Les hommes passent en file indienne devant un officier SS qui choisit si chacun est, apte ou inapte au travail, ceux qui ne sont pas aptes au travail. Claude émet des doutes sur l’objectif de ce tri, dans la mesure où lui, qui n’a que quinze ans, n’est pas grand, et pèse 45 kg, est jugé apte au travail, alors que des hommes dans la force de l’âge sont jugés inaptes au travail. Ensuite un SS propose à tout détenu qui se sent fatigué de monter dans un camion, mais personne ne se déclare fatigué.
Les hommes jugés inaptes au travail vont rejoindre les femmes et les enfants sur la droite. Toute femme accompagnée d’un enfant est jugée immédiatement inapte au travail[5]. Claude cite le cas d’une femme qui tenait par la main des enfants qu’elle avait seulement connu à Drancy et qui fut déclarée inapte au travail.
Les hommes aptes au travail, dont Claude, font ensuite 3 km à pied et arrivent à Auschwitz 1[6], dans un bâtiment où on leur ordonne de se déshabiller, ils sont rasés intégralement et on leur tatoue un numéro à chacun (Claude BLOCH aura le numéro : B 3692), ce numéro, c’est ce qu’ils deviennent, les prisonniers sont privés de toute identité, de toute humanité.

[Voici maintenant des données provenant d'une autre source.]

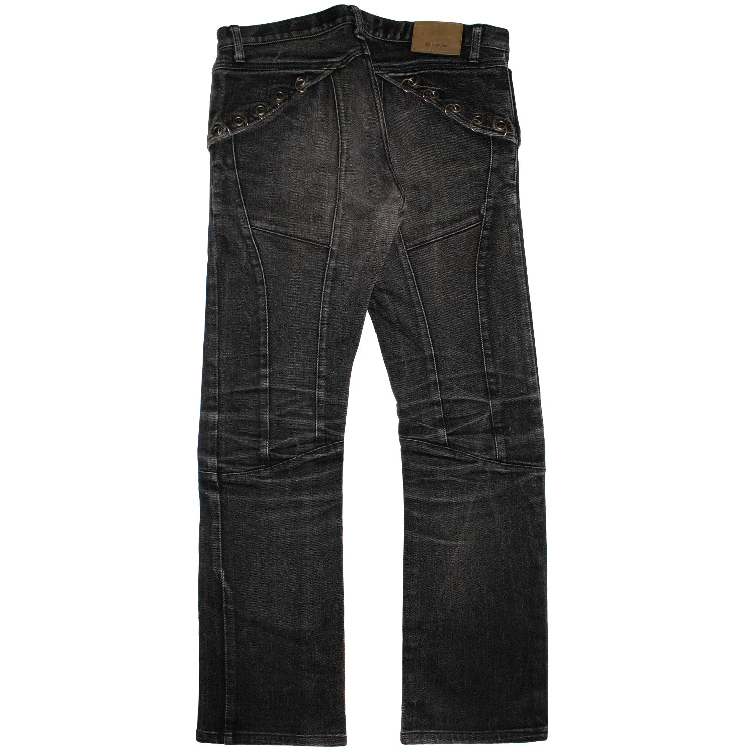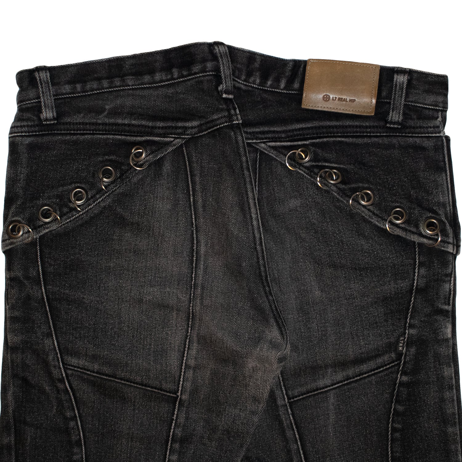 Here we have an eye-catching pair of four-pocket denim from the Japanese brand L7 Real Hip. This piece features an array of unique details such as its elegant fade, symmetrical paneling throughout, and of course, the wrapped ringlet design that elevates the garment into something special. Constructed with high-quality Japanese cotton, this pair of slightly-flared denim by L7 Real Hip is built to last.

On leur montre ensuite leur dortoir, avec des châlits sur trois niveaux, avec une seule paillasse pour deux. Le matin, ils sont réveillés par des hurlements de kapos[7] à 4 heures du matin. Ils se rangent ensuite dans la cour où ils doivent se mettre au garde à vous[8] et sont comptés par des SS.
Ensuite ils partent travailler, au pas, escortés de kapos et de SS, au son d’un orchestre, jouant des airs entraînants. Claude BLOCH faisait du terrassement, il piochait, transportait des matériaux, à un ou deux km du camp, à Monowitz, à l’extérieur, par des températures pouvant aller de -20°C à -30°C et avec pour seul habit : une petite veste, un pantalon et de vieilles chaussures. Au retour, il y avait de nouveau un appel et il fallait étaler les morts de la journée pour le décompte à cet appel, qui durait beaucoup plus longtemps (un quart d’heure ou plusieurs heures) que celui du matin, en effet, rien ne pressait le SS pour le comptage, contrairement au matin, où il fallait faire vite pour le départ au travail. Si le SS arrivait à un nombre différent de celui qu’il avait noté le matin, il repartait à la recherche du ou des manquants[9].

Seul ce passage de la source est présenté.